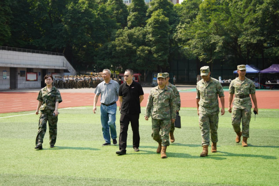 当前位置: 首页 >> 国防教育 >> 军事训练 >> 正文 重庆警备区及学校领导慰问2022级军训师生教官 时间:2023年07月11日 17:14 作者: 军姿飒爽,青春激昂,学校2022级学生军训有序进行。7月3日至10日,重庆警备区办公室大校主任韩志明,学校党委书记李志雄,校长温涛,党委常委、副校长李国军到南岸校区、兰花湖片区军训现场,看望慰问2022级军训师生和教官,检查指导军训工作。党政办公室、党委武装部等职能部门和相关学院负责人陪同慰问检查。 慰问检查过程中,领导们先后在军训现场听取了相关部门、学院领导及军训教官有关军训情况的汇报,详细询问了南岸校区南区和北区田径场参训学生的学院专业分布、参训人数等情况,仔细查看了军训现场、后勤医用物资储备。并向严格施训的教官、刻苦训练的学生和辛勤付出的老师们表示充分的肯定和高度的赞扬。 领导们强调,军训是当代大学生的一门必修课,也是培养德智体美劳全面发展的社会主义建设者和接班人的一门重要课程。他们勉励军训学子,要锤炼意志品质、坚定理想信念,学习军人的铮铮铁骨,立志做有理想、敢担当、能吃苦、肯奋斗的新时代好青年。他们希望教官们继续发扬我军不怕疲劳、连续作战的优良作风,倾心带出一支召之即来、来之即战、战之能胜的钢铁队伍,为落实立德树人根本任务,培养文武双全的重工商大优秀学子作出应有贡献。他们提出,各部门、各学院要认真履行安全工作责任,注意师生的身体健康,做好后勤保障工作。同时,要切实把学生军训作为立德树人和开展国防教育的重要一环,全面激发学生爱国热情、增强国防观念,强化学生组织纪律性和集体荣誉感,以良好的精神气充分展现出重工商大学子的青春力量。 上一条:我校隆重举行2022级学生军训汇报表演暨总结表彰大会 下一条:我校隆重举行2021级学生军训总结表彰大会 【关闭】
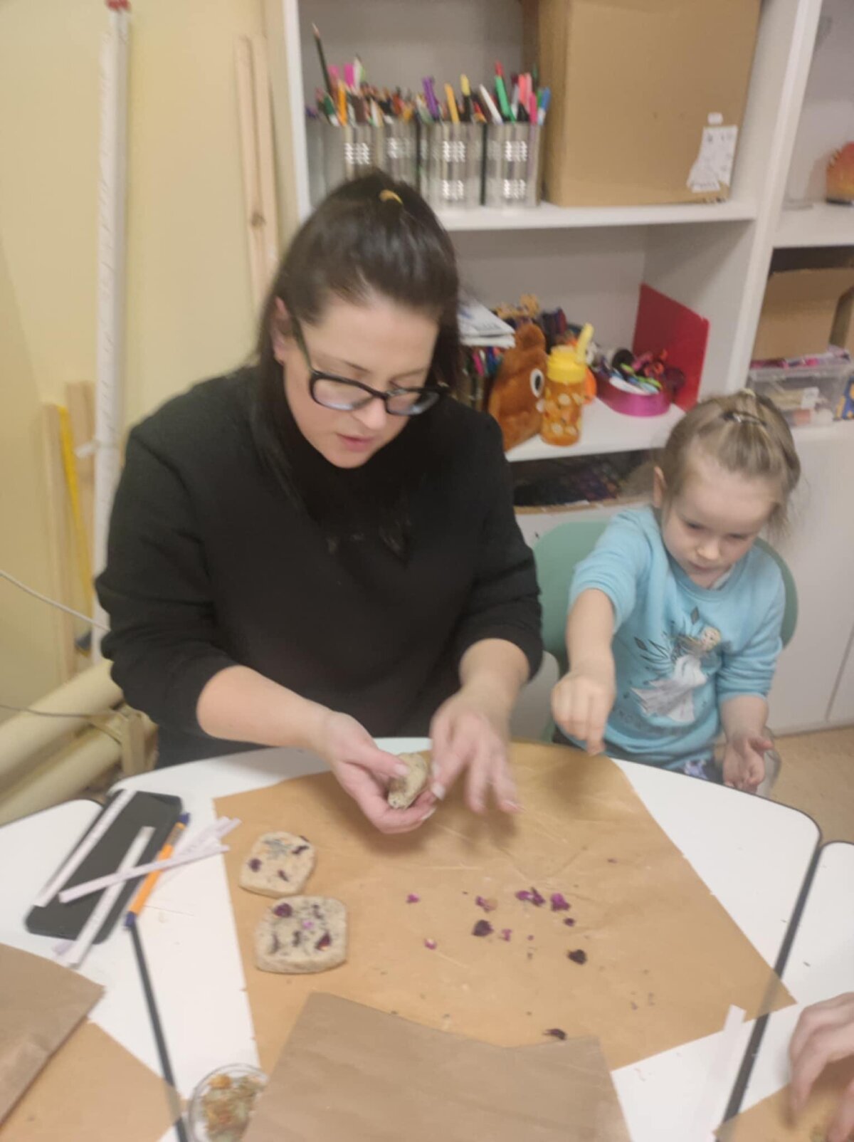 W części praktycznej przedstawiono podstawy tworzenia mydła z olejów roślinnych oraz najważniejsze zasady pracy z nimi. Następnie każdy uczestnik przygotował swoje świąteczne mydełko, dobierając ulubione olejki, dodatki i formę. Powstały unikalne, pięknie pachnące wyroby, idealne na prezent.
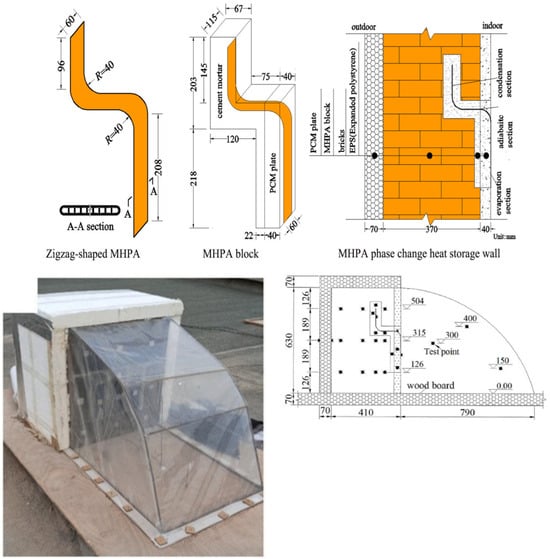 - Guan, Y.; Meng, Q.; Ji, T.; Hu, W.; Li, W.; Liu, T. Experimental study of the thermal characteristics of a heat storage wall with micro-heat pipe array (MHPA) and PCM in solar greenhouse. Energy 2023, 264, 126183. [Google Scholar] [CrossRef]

####################

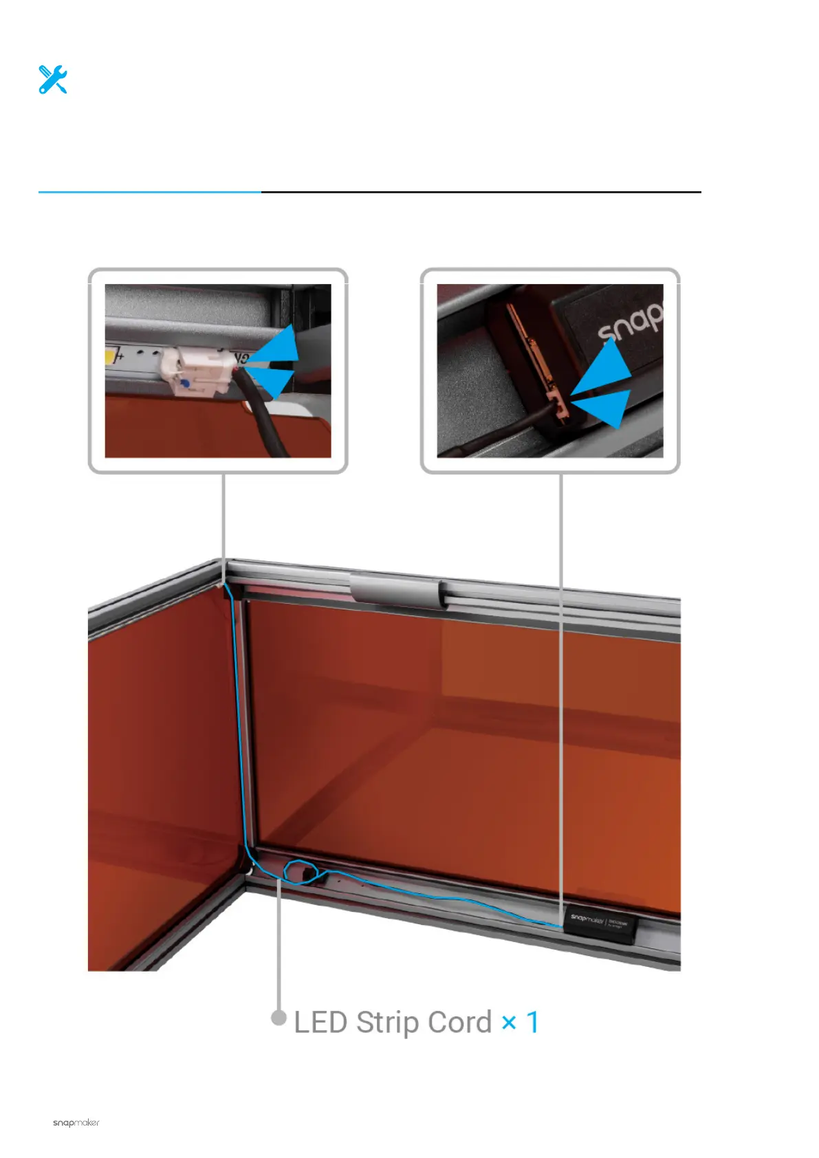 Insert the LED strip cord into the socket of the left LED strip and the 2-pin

####################

- The task -
Above are the records; restate exactly the lines from the one containing "W części praktycznej" through the one containing "- Guan, Y.;", keeping pictures out.

- Answer for this exercise -
 W części praktycznej przedstawiono podstawy tworzenia mydła z olejów roślinnych oraz najważniejsze zasady pracy z nimi. Następnie każdy uczestnik przygotował swoje świąteczne mydełko, dobierając ulubione olejki, dodatki i formę. Powstały unikalne, pięknie pachnące wyroby, idealne na prezent.
 - Guan, Y.; Meng, Q.; Ji, T.; Hu, W.; Li, W.; Liu, T. Experimental study of the thermal characteristics of a heat storage wall with micro-heat pipe array (MHPA) and PCM in solar greenhouse. Energy 2023, 264, 126183. [Google Scholar] [CrossRef]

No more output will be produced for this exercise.